Bad advice takes a sentence; fixing it takes a book
We are bombarded with information and advice every single day. Think about the information on the dozen of STO care guides you've scoured the internet for. They are different from each other, I know many are different from mine. Not every one can spend over a hundred hours reading dozens of scientific papers on STOs (what lame person does that?...). We don't have that amount of time to look into every detail of our lives. To help, our brains take short cuts and trust other people they see as knowledgeable, but it can lead to accepting a lot of misinformation hurting your pets and therefore you. Here are some of the things I've learned to hopefully help avoid learning pitfalls:
Breeders get animals to do what its hard to get them not to do. Congratulations?
Some species can be a little tricky (looking at you pandas, you adorable evolutionary abominations), but in general, animals are pretty determined to breed. Heck, some die for it. If it took ideal conditions to make babies, most species would be extinct. Look up care for rats in labs vs pet rats in homes. They breed in both. STO’s are also bred in lab conditions, quite well (though so far no study I’ve read needed them alive past 18mo). “life will find a way” doesn’t require a human’s expertise.
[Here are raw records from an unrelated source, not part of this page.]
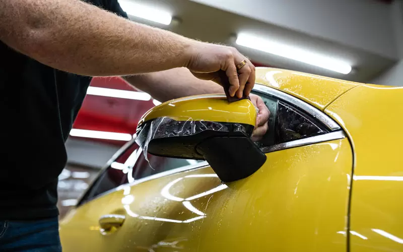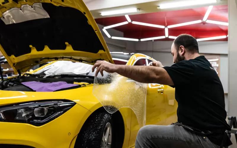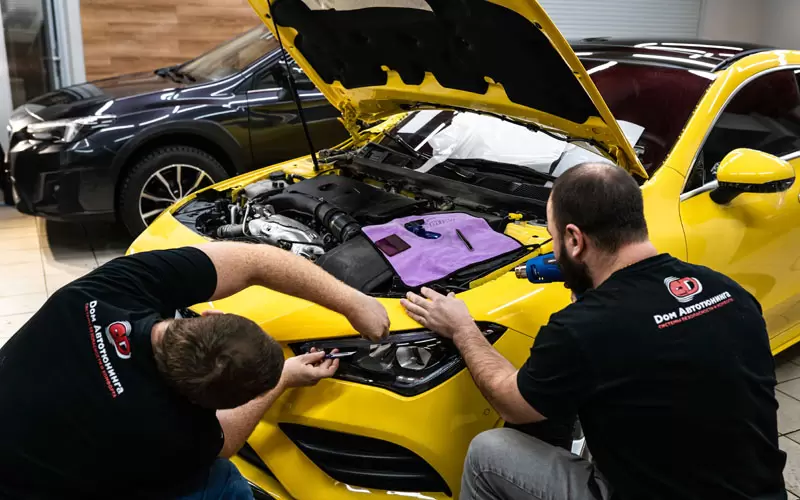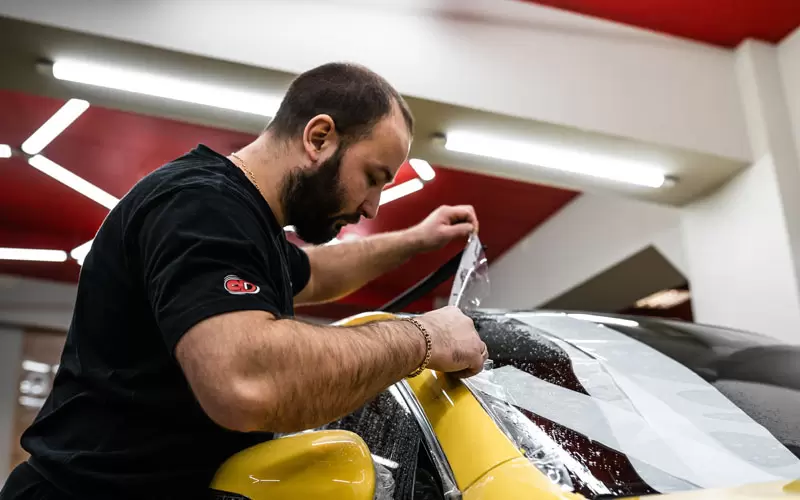 Использование прозрачной пленки: Прозрачная антигравийная пленка была выбрана специально, чтобы сохранить насыщенный жёлтый цвет автомобиля. Она практически незаметна, но при этом отлично выполняет свои защитные функции.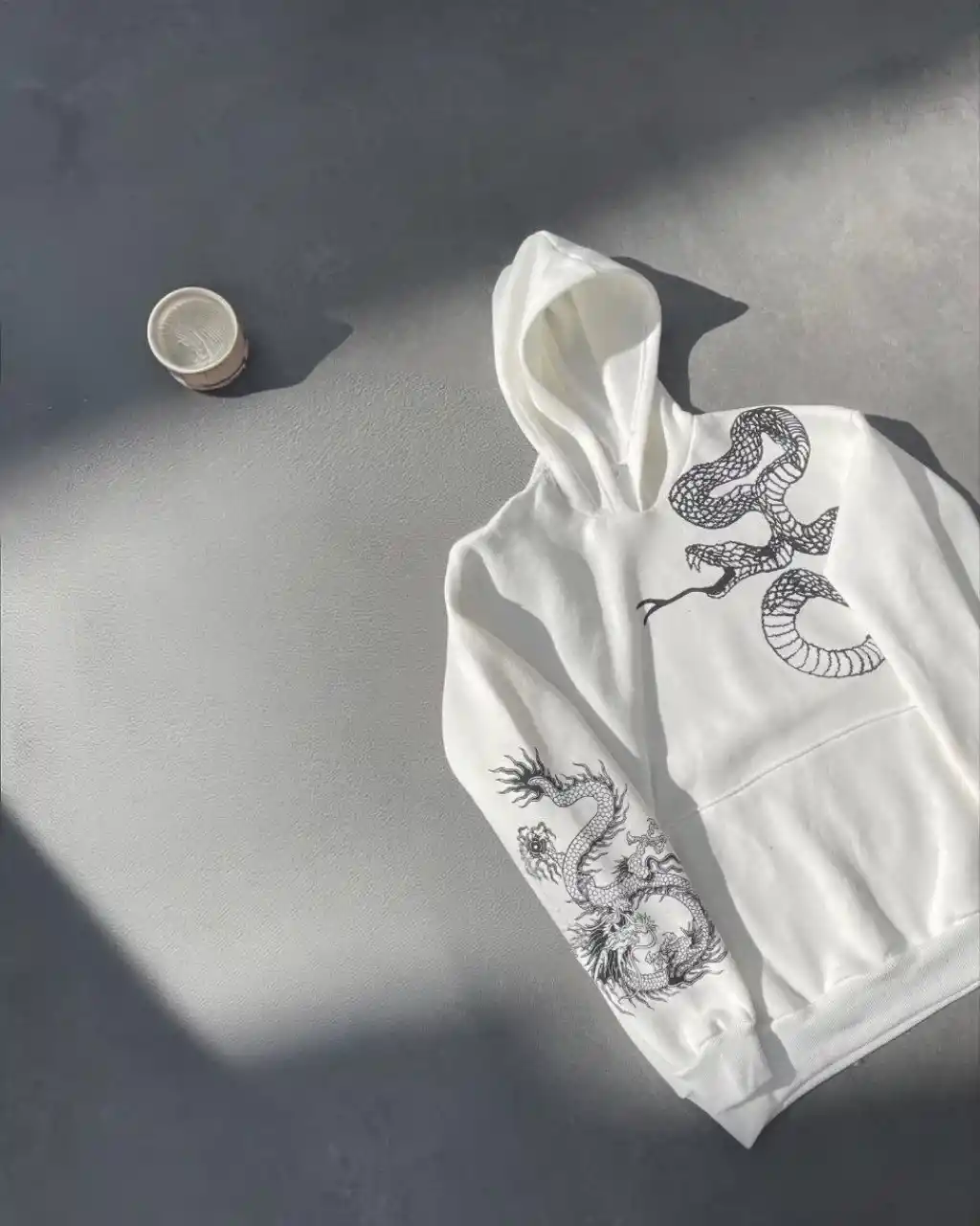 Erkek Oversize Kapüşonlu Sweatshirt – Beyaz Renk Üç İplik İçi Pamuklu Kanguru Cepli Baskılı Hoodie Rahat Kalıp Kışlık Günlük Kombinlere Uygun - Beyaz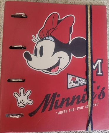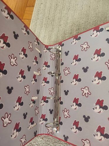 O trošku kupcaNOV registrator sa gumom i četiri prstena , tamno crvene boje i motivom Minnie Mouse.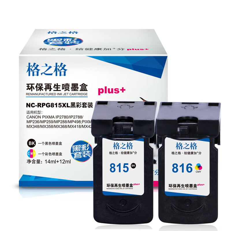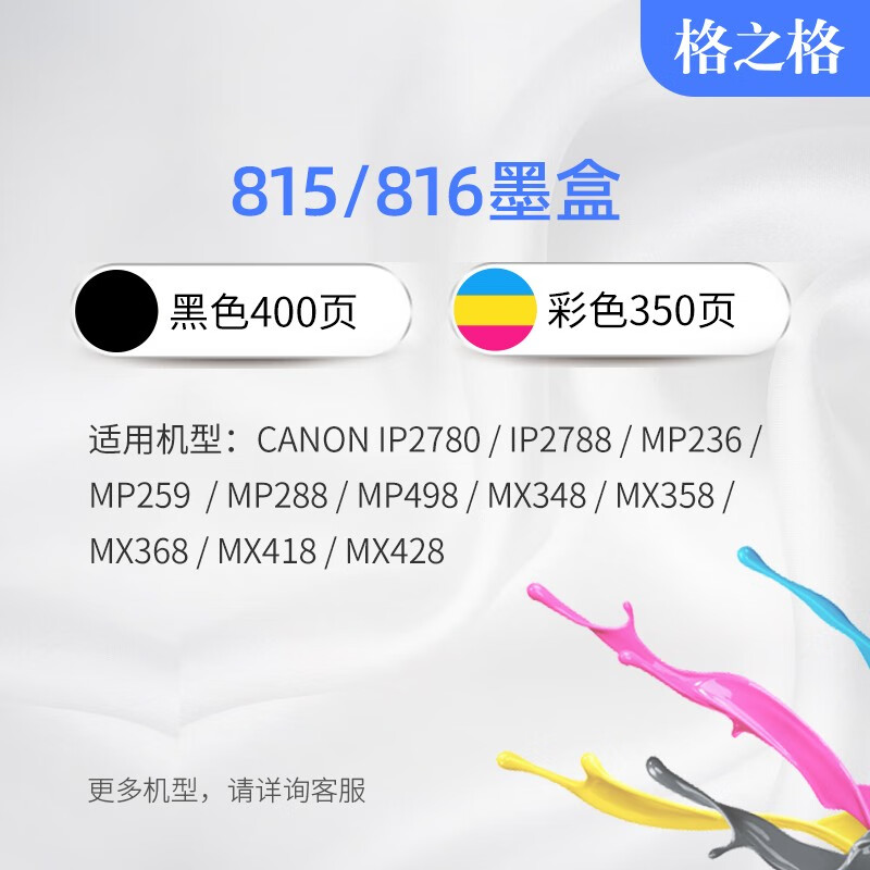 格之格815墨盒套装适用佳能MP288 MP236 IP2780 IP2788 MP259 MX368 428 816打印机墨盒 自营

Poor care doesn’t get better with time, just sadder:
Much like breeding, animals are pretty determined to stay alive. They wont shrivel up and die at the first crappy meal. Think of it like smoking. People don’t drop over with the first puff-- it takes time. You have iron reserves in your body so anemia won’t start the day you stop getting enough. Stress causes an overwhelming about of seemingly unrelated problems. Its the same for pets. When someone justifies poor care with ‘I’ve kept X for _yrs,’ I don’t drop over dead, but its going to eventually lead me to.
You don’t know what you don’t know:
Consider these arguments:
1. STOs can eat a variety of foods- > STOs are omnivores -> we should feed STOs a variety of fruits, vegetables, and meat.
2. Makes sense, right? But they aren't omnivores. Lots of animals can eat and even digest a variety of foods, but we categorize diets by the majority, not range. Between anatomy and studies that have looked at their poop, STOs are specialized insectivores. Beautify so. One look at that jaw, or even a tooth, and I’d think insectivore. Humans are fantastic omnivores. We can make a wide variety of diets work. Specialized eaters can’t. They are set up for their favorite cuisine and don’t do well being forced to the ends of their tolerances.
My point is—us humans kinda suck about drawing conclusions. We don’t know what information we’re lacking, so it feels like we know a larger proportion than we do. This is basically what you may of heard of as the Dunning-Kruger effect. The more information you find the more you realize is still out there. A freshman is more confident on a topic than a PhD student. Its normal, everyone does it, but it makes learning hard. We sometimes stop before we really start because we feel like we have it despite knowing one page of an encyclopedia worth of a topic. Understanding that at any moment we could learn more and that we were wrong is why biologist use “may”, “probably”, “possibly” and “likely”. Hesitation and caution are the strength of science and learning. It’s the difference between 1 and 2. The day you’re sure of something, you’re wrong.
Avoid white coat syndrome:
Being a professional/breeder/enthusiast etc. doesn’t mean one knows everything. Every field (science, medicine, plumbing etc.) is HUGE, no one can know all of it. I studied biology for 8yrs and have many fancy papers and student loans to prove it. I can tell you the reproductive development of STOs, but not one damn thing about.... most anything else. The heck is a Krebs cycle?
An expert isn't someone who "knows" everything, an expert is someone who can explain what they do know in a way they can discuss it with you. Don't trust people because of their title or duration of experience trust them when they can explain information in a way you understand or admitting when they can't. Few things make me trust information like being able to admit when they don't something.
I don’t care how long I’ve had STOs, how well I breed them, or that I’m putting years of student loans to use-- I’m sure I'm wrong about somethings on STO care and still learning.